The S.S. Milwaukee car ferry sank on Oct. 22, 1929. All on board died


By Meg Jones - Journal Sentinel

At 8:30 p.m. on Oct. 22, 1929, as the S.S. Milwaukee car ferry was caught in a ferocious gale, the ship's purser wrote this note and tucked it into a watertight case: The ship is taking on water fast.

We have turned around and headed for Milwaukee. Pumps are working but the sea gate is bent and won't keep water out. (Crew compartment) is flooded. Seas are tremendous. Things look bad. 

By the time the note was found, the ship's purser and the rest of his shipmates were already dead. A few members of the crew - some accounts say 52 died on the S.S. Milwaukee, others say it was 47 - managed to escape the 338-foot-long car ferry before it plunged to the bottom of Lake Michigan, along with its cargo of rail cars carrying bathtubs, automobiles, lumber, barley, canned peas and salt.

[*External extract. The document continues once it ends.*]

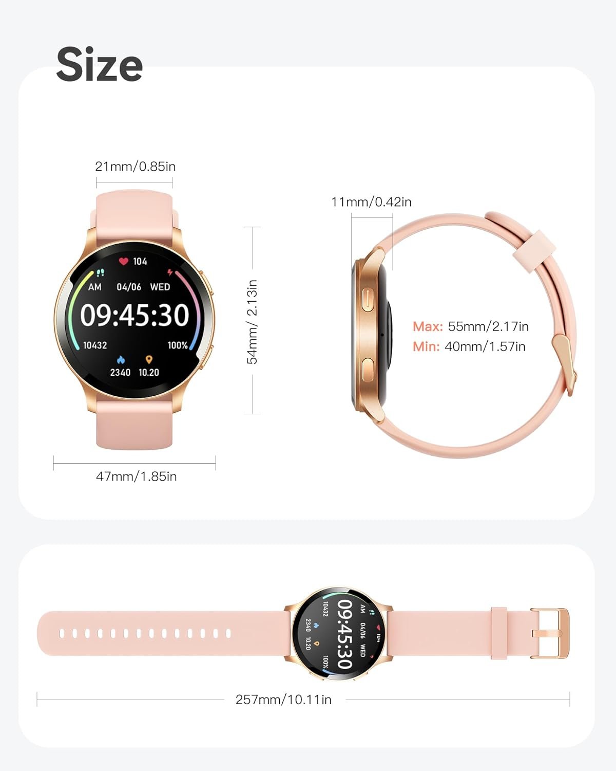 【Full Monitoring Your Health】This Smart Watch for Women With advanced health tracking features, Keep an eye on your health metrics (heart rate, blood oxygen, sleep quality). Our smartwatch will provide comprehensive sleep quality analysis based on your sleep(deep sleep, light sleep, and awake), and help you make a reasonable adjustment to your lifestyle.

Four crew members fled in one of the lifeboats but it wasn't a refuge, only another vessel of death. Their bodies were found in the lifeboat four days after the ferry foundered.

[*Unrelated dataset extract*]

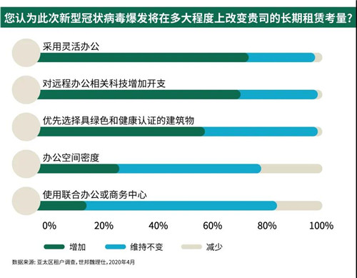長(zhǎng)遠(yuǎn)來(lái)看,此次疫情或?qū)⒋偈棺鈶艮k公習(xí)慣發(fā)生變革。約73%的受訪者表示將增加采用靈活辦公的方式。同時(shí),報(bào)告亦顯示,疫情還提高了租戶對(duì)辦公建筑綠色與健康認(rèn)證的意識(shí)。

Now a popular wreck for scuba divers, the car ferry sits in 90 to 120 feet of water three miles northeast of Atwater Beach. For non-divers, though, it's hard to picture just what the wreck looks like or its historical significance in a time when railroads often moved rail cars by water to avoid crowded rail yards.

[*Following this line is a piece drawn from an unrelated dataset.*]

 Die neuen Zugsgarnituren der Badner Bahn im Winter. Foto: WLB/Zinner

Soon, though, the S.S. Milwaukee will be more accessible, not just to divers but to those who won't need a tank of compressed air to see the shipwreck.

Starting next summer archaeologists will survey and document the S.S. Milwaukee and four other Lake Michigan shipwrecks in Wisconsin waters through a federal grant awarded this month to the Wisconsin Historical Society.

Chosen because they represent a cross section of historically significant vessels, the shipwrecks are near Milwaukee, Manitowoc, Kewaunee and Sturgeon Bay.

"Part of what we were looking for were five shipwrecks that are already popular with people," said Jim Draeger, deputy state historic preservation officer. "They're all ones that are pretty intact and have good archaeological potential."

The $170,000 grant from the Federal Highway Administration Transportation Enhancement program will pay for digital photo mosaics, sketches and measurements, photos, site plans and historic research.

Digital photo mosaics illustrate the wreck as it now looks by piecing together hundreds of photos taken by scuba divers. Divers will measure and sketch the wreck, said Draeger.